News Local/State

Urbana Police Department Deploys New Body Cameras For Officers

 

Anna Casey/Illinois Public Media

The Urbana Police Department announced last week that it will join the growing number of police departments around the country that equip officers with body-worn cameras.

Lieutenant Joel Sanders with the Urbana Police Department said the new cameras can be used to help train officers, but will also help the department maintain a level of transparency with the community. 

“Our community, our citizens demand transparency,” Sanders said. “While we (Urbana) like to think we’re fairly transparent, we can always do more.”

The department purchased 60 body cameras that attach to the front of officer uniforms. They also invested in 14 new squad car cameras and two interview room cameras that are part of an integrated video recording system designed by a Dallas-area company called WatchGuard. Sanders said the department made the decision to invest in the equipment now because the cameras on the squad cars, which last about six years, were due to be replaced.

“We thought if we were ever going to do body-worn cameras, now would be the time,” Sanders said.

An increasing number of police departments around the country have invested in body cameras for officers in the five years since Michael Brown, an unarmed black teenager, was shot by a white police officer in Ferguson, Missouri. The officer was not charged in the fatal shooting, but in the days after the grand jury trail, Brown’s family urged people in a statement to work to ensure that “every police officer working the streets in this country wears a body camera," and prompted police departments to look more closely at their body camera polices.

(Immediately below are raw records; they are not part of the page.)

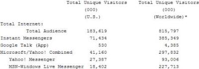 comScore最近放出的一份IM統(tǒng)計(jì)結(jié)果如下(單位為千):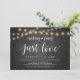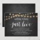 Nada de Fantasia, Apenas Amor, Anúncio de Casamento às Escuras / Convite de festa, em Luzes de Corda Rústicas Modernas, tema de quadro-negro. Isto é perfeito para o seu casamento e festa de celebração pós-casamento. Adicione seus detalhes na fonte / letra correspondente.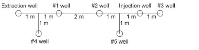 一臺抽采井,一臺注入井和五個監(jiān)控井(其位置如圖2所示)用于原位修復(fù)。 很初的地下水流向是從注入井到提取井。每個井的深度為16 m,篩選間隔為12 m至16 m。提取井的直徑為25 cm,將提取速率為36 L / min 的泵放置在井內(nèi)15 m 的深度處。注入井和監(jiān)測井的直徑為5 厘米。注入井與注入單元相連,注入率為15 升/分鐘 由于注入速率受場地和設(shè)施條件的限制,因此采用了較高的抽取速率以產(chǎn)生更強的地下水流。處理殘留的水并將其排放到遠離測試區(qū)域的地方。在監(jiān)測井中安裝了地下水采樣器,以收集15 m 深度的樣品。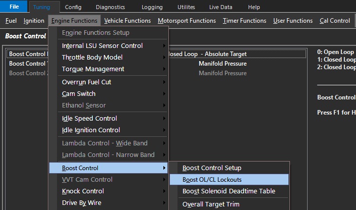 Closed Loop: ECU uses the pressure channel selected in the PID Setup Menu -> Boost 1 PID Input Source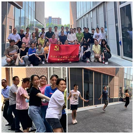 值此党的二十大、 北大医学办学110周年之际,为贯彻实行好公司的教学工作计划,开展丰富多彩的校园文化活动,以响应健康中国战略的号召。营养系教职工在教师节期间,开展了益智健身----跳绳活动,强身健体,以弘扬爱岗敬业精神,守好三尺讲台,将师德师风建设贯穿始终。由于疫情,部分在外阜做科研的老师们没有及时赶回参加,系里在校的老师们都积极参加了活动。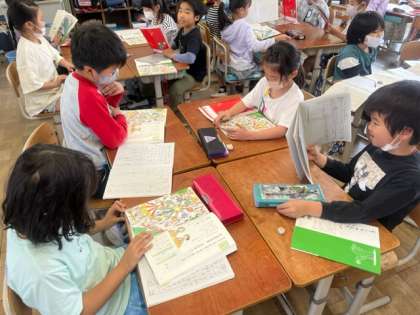 迷子の友達をさがすアナウンスを考えてみんなで探しました。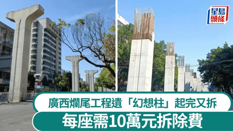 廣西柳州市有多座輕鐵橋墩聳立,延綿數十公里,但上方空空如也,被人戲稱為「幻想柱」。這些橋墩是市內輕鐵工程的一部分,但因為該工程爛尾,這些橋墩也就荒置在市內。最近,因為橋墩影響交通和生活,市方終於決定拆除。惟每座橋墩需拆除費用10萬元(人民幣,下同),被當地居民所詬病。

About one third of police departments nationwide use body cameras, and about 50 percent had plans to do so, according to a 2018 report from the nonprofit Police Executive Research Forum, a Washington-based research group. Sanders said that Urbana is the last of the five major departments in Champaign County to implement body cameras, and that the delay was primarily an issue of cost.

The Urbana Police Department’s purchase was largely paid for using existing funds that had already been scheduled to be used in the replacement of the squad car cameras, the department said. The total cost for the recording system and software was about $220,000.

Currently, about seven officers are using the new equipment. It will be 13 to 20 weeks before every officer on patrol will be deployed with a camera. Sanders hopes the new body cameras will show the community what officers do, and help officers understand more about their interactions for training purposes.

“While a body-worn camera, or in-squad car camera isn’t the whole story, it helps with part of the story,” Sanders said.